An official with Meta's popular WhatsApp chat service said Israeli spyware company Paragon Solutions had targeted scores of its users, including journalists and members of civil society.
The official said on Friday that WhatsApp had sent Paragon a cease-and-desist letter following the hack. In a statement, WhatsApp said the company "will continue to protect people's ability to communicate privately."
Paragon declined to comment.
The WhatsApp official told Reuters it had detected an effort to hack approximately 90 users of its platform.
The official declined to say who, specifically, was targeted or where they were geographically, saying only that targets included an unspecified number of people in civil society and media. He said WhatsApp had since disrupted the hacking effort and was referring targets to Canadian internet watchdog group Citizen Lab.
The official declined to discuss how it ascertained that Paragon was responsible for the hack. He said law enforcement and industry partners had been informed, but declined to go into detail.
The FBI did not immediately return a message seeking comment.
Citizen Lab researcher John Scott-Railton said the discovery of Paragon spyware targeting WhatsApp users "is a reminder that mercenary spyware continues to proliferate and as it does, so we continue to see familiar patterns of problematic use."
Spyware merchants such as Paragon sell high-end surveillance software to government clients and typically pitch their services as critical to fighting crime and protecting national security.
But such spy tools have repeatedly been discovered on the phones of journalists, activists, opposition politicians, and at least 50 US officials, raising concerns over the unchecked proliferation of the technology.
Paragon - which was reportedly acquired by Florida-based investment group AE Industrial Partners last month - has tried to position itself publicly as one of the industry's more responsible players.

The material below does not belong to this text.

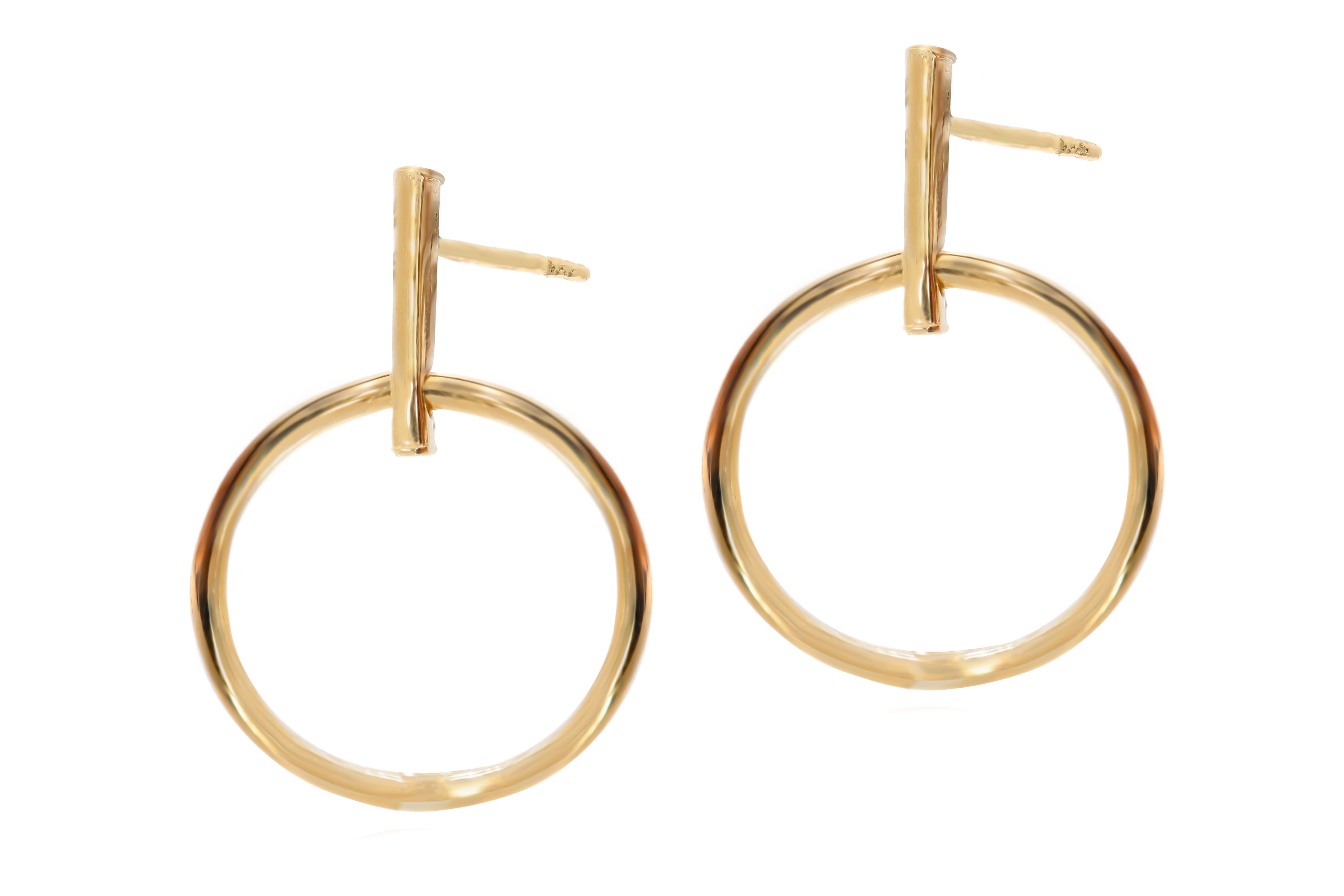 Modernūs moteriški geltono aukso apskritimo formos auskarai 585

The company's website advertises "ethically based tools, teams, and insights to disrupt intractable threats," and media reports citing people familiar with the company say Paragon only sells to governments in stable democratic countries.
Natalia Krapiva, senior tech-legal counsel at the advocacy group Access Now, said Paragon had the reputation of being a better spyware company, "but WhatsApp's recent revelations suggest otherwise."
"This is not just a question of some bad apples — these types of abuses (are) a feature of the commercial spyware industry."
AE did not immediately return a message seeking comment.